::: Data shown

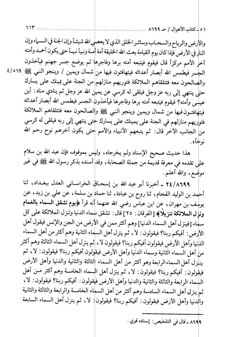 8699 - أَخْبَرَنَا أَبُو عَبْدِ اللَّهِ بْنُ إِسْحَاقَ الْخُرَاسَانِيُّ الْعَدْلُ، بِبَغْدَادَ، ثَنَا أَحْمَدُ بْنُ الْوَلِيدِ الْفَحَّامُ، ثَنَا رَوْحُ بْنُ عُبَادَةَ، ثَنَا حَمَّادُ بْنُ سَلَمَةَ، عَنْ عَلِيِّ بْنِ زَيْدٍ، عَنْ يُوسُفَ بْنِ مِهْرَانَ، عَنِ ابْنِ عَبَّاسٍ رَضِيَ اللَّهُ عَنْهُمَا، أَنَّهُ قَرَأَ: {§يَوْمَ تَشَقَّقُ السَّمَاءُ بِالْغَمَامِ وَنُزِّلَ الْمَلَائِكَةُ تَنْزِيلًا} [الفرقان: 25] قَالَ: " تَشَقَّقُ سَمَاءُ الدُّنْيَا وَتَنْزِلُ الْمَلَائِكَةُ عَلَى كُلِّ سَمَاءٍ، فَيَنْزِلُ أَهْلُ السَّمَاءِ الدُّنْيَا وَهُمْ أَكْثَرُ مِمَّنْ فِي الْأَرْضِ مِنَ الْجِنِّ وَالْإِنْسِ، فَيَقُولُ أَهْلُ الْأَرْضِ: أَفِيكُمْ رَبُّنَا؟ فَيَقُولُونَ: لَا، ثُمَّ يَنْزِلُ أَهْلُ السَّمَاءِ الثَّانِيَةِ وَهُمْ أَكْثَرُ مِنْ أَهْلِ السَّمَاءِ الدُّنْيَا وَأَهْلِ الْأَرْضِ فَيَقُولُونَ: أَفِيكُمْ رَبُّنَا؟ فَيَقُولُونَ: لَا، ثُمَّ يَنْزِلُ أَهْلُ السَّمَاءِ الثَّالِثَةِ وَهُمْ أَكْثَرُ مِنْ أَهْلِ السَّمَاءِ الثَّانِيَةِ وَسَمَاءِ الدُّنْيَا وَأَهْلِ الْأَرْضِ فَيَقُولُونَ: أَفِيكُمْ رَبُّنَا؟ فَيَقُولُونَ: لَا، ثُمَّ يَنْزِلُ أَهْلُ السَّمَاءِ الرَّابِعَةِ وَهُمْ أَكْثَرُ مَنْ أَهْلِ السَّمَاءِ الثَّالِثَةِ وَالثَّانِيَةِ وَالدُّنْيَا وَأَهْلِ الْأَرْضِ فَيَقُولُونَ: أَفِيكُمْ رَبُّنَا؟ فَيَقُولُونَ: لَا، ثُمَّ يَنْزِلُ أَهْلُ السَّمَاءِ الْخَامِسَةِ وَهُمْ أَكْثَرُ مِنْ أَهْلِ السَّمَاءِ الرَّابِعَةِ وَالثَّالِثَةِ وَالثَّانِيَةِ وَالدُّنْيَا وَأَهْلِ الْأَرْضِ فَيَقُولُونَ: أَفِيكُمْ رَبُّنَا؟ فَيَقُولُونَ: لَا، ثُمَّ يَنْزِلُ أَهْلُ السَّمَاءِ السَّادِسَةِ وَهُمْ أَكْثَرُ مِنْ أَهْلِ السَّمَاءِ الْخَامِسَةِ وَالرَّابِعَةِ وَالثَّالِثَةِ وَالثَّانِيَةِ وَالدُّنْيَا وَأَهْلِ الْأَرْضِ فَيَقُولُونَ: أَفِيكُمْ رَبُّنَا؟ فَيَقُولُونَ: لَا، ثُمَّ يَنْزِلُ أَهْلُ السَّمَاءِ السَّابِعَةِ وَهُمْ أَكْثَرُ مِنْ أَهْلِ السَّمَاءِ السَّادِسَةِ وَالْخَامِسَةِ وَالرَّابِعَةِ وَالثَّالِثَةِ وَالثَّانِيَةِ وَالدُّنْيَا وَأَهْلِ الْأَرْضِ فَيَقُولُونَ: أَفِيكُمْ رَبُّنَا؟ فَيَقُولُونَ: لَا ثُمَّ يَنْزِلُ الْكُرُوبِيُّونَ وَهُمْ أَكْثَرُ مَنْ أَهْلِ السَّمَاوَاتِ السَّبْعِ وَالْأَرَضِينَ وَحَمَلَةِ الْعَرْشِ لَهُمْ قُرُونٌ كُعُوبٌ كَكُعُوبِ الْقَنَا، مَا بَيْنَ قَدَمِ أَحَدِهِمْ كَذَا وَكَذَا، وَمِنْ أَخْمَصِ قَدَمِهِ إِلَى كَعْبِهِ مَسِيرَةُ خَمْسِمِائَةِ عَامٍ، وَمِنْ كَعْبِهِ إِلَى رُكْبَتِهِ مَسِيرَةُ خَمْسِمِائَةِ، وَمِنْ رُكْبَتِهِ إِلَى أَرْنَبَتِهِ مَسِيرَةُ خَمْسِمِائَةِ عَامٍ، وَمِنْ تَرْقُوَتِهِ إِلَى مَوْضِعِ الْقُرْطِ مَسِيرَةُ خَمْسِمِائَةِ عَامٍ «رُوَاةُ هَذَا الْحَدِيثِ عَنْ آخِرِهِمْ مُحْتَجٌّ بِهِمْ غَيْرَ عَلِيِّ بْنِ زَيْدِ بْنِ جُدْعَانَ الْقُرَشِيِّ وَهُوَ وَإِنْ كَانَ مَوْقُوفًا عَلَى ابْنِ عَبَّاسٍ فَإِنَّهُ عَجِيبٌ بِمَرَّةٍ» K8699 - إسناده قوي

::::::
::: Data shown

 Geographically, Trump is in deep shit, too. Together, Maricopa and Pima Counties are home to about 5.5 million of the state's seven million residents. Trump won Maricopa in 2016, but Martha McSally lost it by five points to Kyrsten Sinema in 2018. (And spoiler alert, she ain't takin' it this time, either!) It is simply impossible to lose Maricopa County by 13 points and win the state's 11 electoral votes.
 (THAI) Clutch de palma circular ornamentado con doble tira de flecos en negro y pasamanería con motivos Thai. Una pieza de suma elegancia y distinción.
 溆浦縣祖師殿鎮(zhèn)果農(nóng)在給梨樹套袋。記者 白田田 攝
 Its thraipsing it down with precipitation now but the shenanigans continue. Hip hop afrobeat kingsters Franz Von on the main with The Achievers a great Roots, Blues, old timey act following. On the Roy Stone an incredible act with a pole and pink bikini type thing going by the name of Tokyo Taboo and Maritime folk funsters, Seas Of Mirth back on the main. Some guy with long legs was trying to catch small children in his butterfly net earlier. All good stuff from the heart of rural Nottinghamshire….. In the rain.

::::::
::: Data shown

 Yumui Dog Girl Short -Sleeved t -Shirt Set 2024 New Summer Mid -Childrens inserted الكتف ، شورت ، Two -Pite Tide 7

::::::

What is being asked:
Above are the lines; repeat exactly the ones from the line containing "(THAI) Clutch de" down to the line containing "溆浦縣祖師殿鎮(zhèn)果農(nóng)在給梨樹套袋。記者 白田田 攝", both inclusive.

Task response:
 (THAI) Clutch de palma circular ornamentado con doble tira de flecos en negro y pasamanería con motivos Thai. Una pieza de suma elegancia y distinción.
 溆浦縣祖師殿鎮(zhèn)果農(nóng)在給梨樹套袋。記者 白田田 攝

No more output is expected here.